Some effort was put into developing a design that would be easy to add
to, and modify for use in non-South African countries. However, there
is clearly a trade-off with a heavily generalised design, with respect
to ease of use and development. A design that is very general may
become difficult to work with and understand, and is also likely to
incur higher computational overheads. On the other hand a very
specific design may be fast and easy to work with, but difficult to
add to later.
The compromise chosen applies the following principles:
- Abstract out some of the data common to all countries - for
example the concepts of grades, promotion decisions, languages,
people and schools
- Group data that is very country-specific into separate tables
- Do not enforce strict constraints on the data, so that in cases
where the data is not meaningful, it can simply be ignored. Thus the
business logic is left to the software.
- Use incremental integer IDs as primary keys for every
table. This avoids placing strong constraints on the data.
Some Implementation Notes
- Database tables are specified as either containing static
data or read-write data. In the former case, the tables are
populated with data when the system is installed and are never updated
by the system (they may be updated administratively if the static data
needs to be changed). In the latter case, the tables hold normal
transactional data and may be read from and written to.
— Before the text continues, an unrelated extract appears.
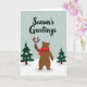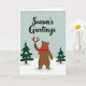This digital illustration shows a cute brown bear with a red scarf, holding antlers in a snowy forest. The bear is in the center with two green trees covered in snow. At the top, it says "Season's Greetings" with snowflakes falling. The colors are soft and calm, making it cozy and joyful. The bear looks playful and invites us to join in the holiday fun. It feels like a warm hug from winter 🎅🏼🎄🎁. This card is perfect for spreading holiday cheer and making people smile.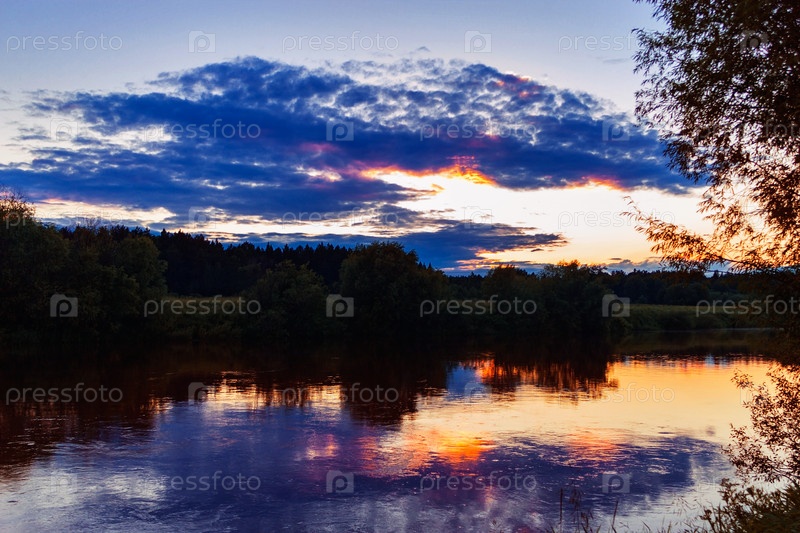 Закат в облаках над рекой

- The naming convention <tablename>PA has been used to
name tables that contain data relevant to a specific academic
year. PA stands for per annum.
- There is no direct link from learners to educators. Thus to
represent the concept of registration classes and/or class teacher, a
subject called Registration should be created. Then each class
educator should be allocated a registration subject and the
corresponding learners should be allocated that subject if they belong
to the educator's class.
- The concept of subject levels (i.e. HG, SG, LG, OG) is still an
outstanding issue. Currently it is implemented at the learner
level. That is, an educator teaches a particular subject (with no
regard for subject level) and the learners that take that subject,
take it at a specific subject level. How well this maps to
the real world still needs to be determined.